DESCRIPTION OF THE TASK ▸ From the data below, repeat exactly the lines from the line with "第二种就是可以水上行走的充气" to the line with "Psací stůl o", both included.

RECORDS ▸
= = = = =

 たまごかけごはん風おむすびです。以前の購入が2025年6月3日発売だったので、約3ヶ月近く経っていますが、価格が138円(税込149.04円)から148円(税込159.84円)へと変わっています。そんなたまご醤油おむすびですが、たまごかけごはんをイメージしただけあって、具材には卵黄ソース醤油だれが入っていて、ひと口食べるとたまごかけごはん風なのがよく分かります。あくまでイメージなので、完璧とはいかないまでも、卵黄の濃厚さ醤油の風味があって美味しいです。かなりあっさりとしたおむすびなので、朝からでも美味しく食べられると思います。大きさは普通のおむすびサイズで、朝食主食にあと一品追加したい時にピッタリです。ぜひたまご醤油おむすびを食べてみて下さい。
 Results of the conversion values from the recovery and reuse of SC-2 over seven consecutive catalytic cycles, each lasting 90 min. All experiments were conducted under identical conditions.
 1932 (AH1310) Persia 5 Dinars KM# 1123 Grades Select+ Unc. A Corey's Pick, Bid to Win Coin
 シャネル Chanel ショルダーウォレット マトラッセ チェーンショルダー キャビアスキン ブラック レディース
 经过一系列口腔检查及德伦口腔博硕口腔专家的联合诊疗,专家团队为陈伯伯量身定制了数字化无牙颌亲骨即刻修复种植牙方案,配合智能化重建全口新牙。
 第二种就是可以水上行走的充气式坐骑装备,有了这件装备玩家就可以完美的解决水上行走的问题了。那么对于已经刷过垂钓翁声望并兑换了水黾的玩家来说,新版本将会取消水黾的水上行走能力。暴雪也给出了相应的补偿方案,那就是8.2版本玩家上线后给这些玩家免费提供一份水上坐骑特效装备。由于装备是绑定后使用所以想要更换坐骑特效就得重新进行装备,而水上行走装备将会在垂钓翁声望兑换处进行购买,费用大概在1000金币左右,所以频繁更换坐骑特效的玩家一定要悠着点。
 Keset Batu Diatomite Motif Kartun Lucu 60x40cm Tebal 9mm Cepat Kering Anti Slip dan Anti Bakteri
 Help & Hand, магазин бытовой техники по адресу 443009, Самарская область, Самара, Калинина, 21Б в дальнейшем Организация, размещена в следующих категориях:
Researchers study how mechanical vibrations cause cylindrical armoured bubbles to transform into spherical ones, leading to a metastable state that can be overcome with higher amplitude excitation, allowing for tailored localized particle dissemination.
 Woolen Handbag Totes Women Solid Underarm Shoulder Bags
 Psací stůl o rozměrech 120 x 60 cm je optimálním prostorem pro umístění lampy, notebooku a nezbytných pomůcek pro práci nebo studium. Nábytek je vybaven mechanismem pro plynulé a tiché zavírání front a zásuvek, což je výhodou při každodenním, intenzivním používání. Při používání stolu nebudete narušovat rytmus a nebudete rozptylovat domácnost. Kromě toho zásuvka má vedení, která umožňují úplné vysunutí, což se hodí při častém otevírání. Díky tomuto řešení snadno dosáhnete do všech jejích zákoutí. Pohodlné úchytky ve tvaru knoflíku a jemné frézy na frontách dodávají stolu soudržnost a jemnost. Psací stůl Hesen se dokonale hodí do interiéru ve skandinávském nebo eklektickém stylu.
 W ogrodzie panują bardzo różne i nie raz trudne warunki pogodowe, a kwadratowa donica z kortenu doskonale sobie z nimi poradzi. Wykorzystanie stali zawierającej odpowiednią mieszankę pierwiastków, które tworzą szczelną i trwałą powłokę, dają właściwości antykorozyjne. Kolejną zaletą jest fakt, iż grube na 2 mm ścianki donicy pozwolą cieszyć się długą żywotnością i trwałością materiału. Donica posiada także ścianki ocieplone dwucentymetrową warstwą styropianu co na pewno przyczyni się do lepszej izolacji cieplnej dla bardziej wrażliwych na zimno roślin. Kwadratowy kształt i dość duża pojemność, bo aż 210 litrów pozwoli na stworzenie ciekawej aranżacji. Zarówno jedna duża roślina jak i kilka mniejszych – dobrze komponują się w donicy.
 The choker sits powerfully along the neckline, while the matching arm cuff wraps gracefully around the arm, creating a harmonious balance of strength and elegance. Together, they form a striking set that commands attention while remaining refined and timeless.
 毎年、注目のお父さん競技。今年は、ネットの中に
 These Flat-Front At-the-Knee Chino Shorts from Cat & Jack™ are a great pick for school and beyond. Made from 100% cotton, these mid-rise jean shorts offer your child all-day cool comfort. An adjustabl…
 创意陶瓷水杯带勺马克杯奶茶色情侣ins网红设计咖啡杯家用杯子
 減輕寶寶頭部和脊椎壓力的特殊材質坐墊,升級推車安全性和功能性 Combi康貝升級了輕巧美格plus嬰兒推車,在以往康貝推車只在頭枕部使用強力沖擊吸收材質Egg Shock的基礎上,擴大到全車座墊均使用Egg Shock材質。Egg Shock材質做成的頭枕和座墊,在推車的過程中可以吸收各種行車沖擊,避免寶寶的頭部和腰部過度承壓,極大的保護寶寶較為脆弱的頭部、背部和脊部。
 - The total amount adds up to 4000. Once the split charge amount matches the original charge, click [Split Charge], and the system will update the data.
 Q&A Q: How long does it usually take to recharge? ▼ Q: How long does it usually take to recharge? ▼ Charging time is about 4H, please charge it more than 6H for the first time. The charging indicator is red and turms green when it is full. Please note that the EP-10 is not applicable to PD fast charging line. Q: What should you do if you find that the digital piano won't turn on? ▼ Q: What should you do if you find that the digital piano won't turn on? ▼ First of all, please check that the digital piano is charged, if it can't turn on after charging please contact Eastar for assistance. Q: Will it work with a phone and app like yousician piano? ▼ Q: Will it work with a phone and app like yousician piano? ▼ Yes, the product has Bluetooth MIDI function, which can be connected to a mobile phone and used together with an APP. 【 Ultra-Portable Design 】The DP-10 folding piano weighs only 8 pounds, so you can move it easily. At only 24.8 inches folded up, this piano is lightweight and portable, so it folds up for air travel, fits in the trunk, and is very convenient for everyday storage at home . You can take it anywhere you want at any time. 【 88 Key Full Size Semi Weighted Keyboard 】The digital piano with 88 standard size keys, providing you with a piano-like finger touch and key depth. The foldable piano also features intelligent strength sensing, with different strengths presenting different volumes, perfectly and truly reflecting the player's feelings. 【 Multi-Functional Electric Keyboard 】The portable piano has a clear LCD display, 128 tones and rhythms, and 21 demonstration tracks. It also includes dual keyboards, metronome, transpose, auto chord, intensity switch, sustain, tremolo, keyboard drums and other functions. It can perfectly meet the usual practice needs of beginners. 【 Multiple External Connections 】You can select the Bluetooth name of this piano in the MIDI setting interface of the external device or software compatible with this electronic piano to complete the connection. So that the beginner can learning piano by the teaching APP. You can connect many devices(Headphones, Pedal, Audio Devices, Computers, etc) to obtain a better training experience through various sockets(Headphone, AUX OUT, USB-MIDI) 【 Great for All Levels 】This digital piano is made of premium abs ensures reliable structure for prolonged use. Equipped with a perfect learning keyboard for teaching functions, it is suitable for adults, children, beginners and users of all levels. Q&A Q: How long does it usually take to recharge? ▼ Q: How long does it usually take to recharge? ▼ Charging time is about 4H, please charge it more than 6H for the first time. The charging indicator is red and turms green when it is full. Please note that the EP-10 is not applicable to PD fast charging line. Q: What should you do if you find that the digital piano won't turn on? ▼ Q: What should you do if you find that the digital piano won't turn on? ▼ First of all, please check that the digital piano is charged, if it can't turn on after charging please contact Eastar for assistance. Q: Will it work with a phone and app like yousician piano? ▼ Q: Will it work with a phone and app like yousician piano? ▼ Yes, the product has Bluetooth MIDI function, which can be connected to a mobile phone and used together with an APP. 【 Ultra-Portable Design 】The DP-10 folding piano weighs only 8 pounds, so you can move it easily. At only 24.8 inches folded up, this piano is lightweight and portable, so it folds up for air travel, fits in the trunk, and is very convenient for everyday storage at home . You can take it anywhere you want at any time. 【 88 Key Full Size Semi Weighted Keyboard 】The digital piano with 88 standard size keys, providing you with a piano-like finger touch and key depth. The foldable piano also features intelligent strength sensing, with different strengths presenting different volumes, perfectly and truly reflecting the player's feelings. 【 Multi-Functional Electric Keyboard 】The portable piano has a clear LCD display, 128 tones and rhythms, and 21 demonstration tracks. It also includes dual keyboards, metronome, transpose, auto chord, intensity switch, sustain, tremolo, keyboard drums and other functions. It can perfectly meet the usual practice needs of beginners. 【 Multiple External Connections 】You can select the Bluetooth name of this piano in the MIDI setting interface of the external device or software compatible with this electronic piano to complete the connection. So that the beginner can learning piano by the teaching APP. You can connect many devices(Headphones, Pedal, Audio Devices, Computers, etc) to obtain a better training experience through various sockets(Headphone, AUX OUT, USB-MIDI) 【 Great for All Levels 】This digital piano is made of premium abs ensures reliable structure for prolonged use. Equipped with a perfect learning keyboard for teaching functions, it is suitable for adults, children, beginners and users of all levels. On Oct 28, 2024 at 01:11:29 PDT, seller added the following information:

= = = = =

RESPONSE BOX ▸
 第二种就是可以水上行走的充气式坐骑装备,有了这件装备玩家就可以完美的解决水上行走的问题了。那么对于已经刷过垂钓翁声望并兑换了水黾的玩家来说,新版本将会取消水黾的水上行走能力。暴雪也给出了相应的补偿方案,那就是8.2版本玩家上线后给这些玩家免费提供一份水上坐骑特效装备。由于装备是绑定后使用所以想要更换坐骑特效就得重新进行装备,而水上行走装备将会在垂钓翁声望兑换处进行购买,费用大概在1000金币左右,所以频繁更换坐骑特效的玩家一定要悠着点。
 Keset Batu Diatomite Motif Kartun Lucu 60x40cm Tebal 9mm Cepat Kering Anti Slip dan Anti Bakteri
 Help & Hand, магазин бытовой техники по адресу 443009, Самарская область, Самара, Калинина, 21Б в дальнейшем Организация, размещена в следующих категориях:
Researchers study how mechanical vibrations cause cylindrical armoured bubbles to transform into spherical ones, leading to a metastable state that can be overcome with higher amplitude excitation, allowing for tailored localized particle dissemination.
 Woolen Handbag Totes Women Solid Underarm Shoulder Bags
 Psací stůl o rozměrech 120 x 60 cm je optimálním prostorem pro umístění lampy, notebooku a nezbytných pomůcek pro práci nebo studium. Nábytek je vybaven mechanismem pro plynulé a tiché zavírání front a zásuvek, což je výhodou při každodenním, intenzivním používání. Při používání stolu nebudete narušovat rytmus a nebudete rozptylovat domácnost. Kromě toho zásuvka má vedení, která umožňují úplné vysunutí, což se hodí při častém otevírání. Díky tomuto řešení snadno dosáhnete do všech jejích zákoutí. Pohodlné úchytky ve tvaru knoflíku a jemné frézy na frontách dodávají stolu soudržnost a jemnost. Psací stůl Hesen se dokonale hodí do interiéru ve skandinávském nebo eklektickém stylu.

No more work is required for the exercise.